(THE TASK):
Reproduce, character for character, the entries from their opening line through the line with "1年生は初めてのソフトボール投げは、うまくいったでしょうか?".

(DATA FOR ANALYSIS):
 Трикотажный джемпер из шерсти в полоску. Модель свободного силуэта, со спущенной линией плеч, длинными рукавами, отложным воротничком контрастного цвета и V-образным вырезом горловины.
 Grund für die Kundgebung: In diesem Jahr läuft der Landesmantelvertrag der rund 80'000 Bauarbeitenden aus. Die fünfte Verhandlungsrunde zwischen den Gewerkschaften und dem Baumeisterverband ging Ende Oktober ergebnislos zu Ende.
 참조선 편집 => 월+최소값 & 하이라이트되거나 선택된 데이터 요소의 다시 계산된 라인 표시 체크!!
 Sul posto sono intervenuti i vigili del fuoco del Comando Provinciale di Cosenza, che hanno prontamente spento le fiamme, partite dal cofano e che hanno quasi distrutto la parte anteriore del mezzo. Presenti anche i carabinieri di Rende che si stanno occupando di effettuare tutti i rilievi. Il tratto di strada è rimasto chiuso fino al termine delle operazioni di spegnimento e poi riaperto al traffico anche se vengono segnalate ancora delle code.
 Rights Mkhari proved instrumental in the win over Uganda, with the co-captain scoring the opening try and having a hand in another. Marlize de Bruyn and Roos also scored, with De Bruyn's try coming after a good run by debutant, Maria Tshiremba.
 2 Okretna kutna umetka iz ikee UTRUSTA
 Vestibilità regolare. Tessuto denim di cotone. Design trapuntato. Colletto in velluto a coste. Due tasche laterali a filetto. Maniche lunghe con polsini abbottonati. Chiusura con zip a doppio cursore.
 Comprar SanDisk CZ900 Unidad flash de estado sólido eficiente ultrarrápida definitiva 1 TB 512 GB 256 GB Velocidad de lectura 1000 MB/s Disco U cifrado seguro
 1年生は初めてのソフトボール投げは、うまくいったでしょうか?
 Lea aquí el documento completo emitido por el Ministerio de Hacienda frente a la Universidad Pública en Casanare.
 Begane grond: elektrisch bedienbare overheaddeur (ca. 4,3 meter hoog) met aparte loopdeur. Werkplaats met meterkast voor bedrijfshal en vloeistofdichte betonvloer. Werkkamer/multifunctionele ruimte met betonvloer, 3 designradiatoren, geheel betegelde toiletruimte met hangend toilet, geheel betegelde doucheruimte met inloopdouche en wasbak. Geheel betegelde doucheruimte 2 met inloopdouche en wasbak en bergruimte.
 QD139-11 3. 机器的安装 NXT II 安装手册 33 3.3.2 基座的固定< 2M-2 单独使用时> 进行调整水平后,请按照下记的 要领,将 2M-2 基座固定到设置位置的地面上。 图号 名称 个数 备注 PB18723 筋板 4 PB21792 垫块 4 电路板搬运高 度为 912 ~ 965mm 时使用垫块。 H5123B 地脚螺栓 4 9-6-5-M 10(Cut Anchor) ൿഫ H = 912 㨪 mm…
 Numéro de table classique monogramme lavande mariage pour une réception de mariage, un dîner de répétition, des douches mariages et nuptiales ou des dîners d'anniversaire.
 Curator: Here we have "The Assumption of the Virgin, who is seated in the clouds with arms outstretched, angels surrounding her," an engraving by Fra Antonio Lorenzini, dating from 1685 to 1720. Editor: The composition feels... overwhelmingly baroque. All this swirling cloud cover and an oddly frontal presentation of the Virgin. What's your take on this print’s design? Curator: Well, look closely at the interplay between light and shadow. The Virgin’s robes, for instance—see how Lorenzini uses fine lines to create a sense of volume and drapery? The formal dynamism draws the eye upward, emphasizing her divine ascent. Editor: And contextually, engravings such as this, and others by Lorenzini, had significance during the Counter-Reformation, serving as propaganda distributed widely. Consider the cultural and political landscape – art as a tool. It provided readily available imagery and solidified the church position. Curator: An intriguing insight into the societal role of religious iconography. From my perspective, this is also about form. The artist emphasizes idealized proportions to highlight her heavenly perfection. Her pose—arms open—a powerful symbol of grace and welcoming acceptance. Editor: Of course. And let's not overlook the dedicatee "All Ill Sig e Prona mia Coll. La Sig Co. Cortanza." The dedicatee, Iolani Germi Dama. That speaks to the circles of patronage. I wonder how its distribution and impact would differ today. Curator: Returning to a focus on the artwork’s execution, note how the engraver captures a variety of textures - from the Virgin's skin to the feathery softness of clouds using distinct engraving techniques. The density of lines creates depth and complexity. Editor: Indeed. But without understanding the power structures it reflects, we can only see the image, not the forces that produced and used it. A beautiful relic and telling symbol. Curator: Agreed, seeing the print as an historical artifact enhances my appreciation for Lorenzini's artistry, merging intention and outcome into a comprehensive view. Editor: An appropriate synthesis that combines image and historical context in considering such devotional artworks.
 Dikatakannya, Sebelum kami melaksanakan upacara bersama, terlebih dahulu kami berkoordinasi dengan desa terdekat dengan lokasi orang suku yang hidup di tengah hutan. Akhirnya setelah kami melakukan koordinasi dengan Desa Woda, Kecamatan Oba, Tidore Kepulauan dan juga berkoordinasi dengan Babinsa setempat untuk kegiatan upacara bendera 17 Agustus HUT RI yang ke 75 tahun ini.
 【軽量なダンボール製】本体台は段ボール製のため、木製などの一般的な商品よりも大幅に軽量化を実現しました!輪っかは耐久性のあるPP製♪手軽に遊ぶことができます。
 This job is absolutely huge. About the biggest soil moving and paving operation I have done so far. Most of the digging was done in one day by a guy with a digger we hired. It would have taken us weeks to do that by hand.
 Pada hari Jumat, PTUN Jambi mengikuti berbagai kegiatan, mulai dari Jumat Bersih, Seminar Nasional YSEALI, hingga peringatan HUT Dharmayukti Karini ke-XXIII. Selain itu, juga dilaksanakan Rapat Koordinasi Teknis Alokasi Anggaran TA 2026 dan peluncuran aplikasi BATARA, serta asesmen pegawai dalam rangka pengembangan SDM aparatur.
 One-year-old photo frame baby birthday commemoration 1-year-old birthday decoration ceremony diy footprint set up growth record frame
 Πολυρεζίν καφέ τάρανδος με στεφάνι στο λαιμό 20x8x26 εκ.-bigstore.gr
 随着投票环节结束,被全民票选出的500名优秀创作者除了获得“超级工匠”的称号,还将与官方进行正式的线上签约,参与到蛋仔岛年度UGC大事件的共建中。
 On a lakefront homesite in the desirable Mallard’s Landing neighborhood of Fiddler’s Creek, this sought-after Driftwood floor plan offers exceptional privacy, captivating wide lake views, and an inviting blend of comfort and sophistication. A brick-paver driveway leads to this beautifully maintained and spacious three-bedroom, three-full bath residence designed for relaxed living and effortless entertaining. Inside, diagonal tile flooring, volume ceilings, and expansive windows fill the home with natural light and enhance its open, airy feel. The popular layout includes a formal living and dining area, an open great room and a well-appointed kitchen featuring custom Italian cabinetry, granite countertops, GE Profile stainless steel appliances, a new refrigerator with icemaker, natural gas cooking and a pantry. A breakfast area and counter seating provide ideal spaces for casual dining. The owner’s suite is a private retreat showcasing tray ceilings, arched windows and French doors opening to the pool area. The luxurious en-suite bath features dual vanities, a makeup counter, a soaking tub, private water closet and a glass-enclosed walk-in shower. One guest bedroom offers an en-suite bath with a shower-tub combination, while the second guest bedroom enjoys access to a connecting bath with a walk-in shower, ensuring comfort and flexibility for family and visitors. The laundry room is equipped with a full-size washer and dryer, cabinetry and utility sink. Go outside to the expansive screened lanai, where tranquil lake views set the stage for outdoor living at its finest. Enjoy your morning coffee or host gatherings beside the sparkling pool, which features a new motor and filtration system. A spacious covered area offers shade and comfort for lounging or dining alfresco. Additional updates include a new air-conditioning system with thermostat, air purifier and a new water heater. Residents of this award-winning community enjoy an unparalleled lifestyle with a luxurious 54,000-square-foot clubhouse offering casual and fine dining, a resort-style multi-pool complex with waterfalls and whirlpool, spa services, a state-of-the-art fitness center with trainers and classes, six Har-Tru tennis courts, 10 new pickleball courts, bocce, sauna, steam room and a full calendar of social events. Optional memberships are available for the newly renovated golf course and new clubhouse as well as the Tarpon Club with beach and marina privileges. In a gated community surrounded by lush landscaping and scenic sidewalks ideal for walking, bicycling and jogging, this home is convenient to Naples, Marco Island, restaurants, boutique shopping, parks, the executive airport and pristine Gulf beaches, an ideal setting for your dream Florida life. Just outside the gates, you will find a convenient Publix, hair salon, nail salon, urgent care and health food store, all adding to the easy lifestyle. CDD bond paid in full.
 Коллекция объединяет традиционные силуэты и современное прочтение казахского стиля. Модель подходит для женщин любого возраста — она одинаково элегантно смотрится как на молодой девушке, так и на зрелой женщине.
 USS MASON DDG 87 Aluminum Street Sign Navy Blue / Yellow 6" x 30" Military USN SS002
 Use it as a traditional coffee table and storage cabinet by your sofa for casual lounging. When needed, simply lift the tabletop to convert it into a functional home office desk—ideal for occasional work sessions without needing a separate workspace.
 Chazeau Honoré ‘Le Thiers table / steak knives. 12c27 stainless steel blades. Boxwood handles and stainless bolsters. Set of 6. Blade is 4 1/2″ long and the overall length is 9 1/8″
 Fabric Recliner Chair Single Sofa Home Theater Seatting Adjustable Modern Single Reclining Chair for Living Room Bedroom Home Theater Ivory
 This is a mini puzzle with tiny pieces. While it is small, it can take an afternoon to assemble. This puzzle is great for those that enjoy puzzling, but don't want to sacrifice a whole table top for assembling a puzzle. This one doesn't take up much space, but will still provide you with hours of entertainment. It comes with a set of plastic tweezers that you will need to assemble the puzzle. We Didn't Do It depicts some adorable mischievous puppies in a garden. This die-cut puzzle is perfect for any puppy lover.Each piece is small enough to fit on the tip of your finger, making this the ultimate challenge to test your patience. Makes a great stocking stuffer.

(EXERCISE OUTPUT):
 Трикотажный джемпер из шерсти в полоску. Модель свободного силуэта, со спущенной линией плеч, длинными рукавами, отложным воротничком контрастного цвета и V-образным вырезом горловины.
 Grund für die Kundgebung: In diesem Jahr läuft der Landesmantelvertrag der rund 80'000 Bauarbeitenden aus. Die fünfte Verhandlungsrunde zwischen den Gewerkschaften und dem Baumeisterverband ging Ende Oktober ergebnislos zu Ende.
 참조선 편집 => 월+최소값 & 하이라이트되거나 선택된 데이터 요소의 다시 계산된 라인 표시 체크!!
 Sul posto sono intervenuti i vigili del fuoco del Comando Provinciale di Cosenza, che hanno prontamente spento le fiamme, partite dal cofano e che hanno quasi distrutto la parte anteriore del mezzo. Presenti anche i carabinieri di Rende che si stanno occupando di effettuare tutti i rilievi. Il tratto di strada è rimasto chiuso fino al termine delle operazioni di spegnimento e poi riaperto al traffico anche se vengono segnalate ancora delle code.
 Rights Mkhari proved instrumental in the win over Uganda, with the co-captain scoring the opening try and having a hand in another. Marlize de Bruyn and Roos also scored, with De Bruyn's try coming after a good run by debutant, Maria Tshiremba.
 2 Okretna kutna umetka iz ikee UTRUSTA
 Vestibilità regolare. Tessuto denim di cotone. Design trapuntato. Colletto in velluto a coste. Due tasche laterali a filetto. Maniche lunghe con polsini abbottonati. Chiusura con zip a doppio cursore.
 Comprar SanDisk CZ900 Unidad flash de estado sólido eficiente ultrarrápida definitiva 1 TB 512 GB 256 GB Velocidad de lectura 1000 MB/s Disco U cifrado seguro
 1年生は初めてのソフトボール投げは、うまくいったでしょうか?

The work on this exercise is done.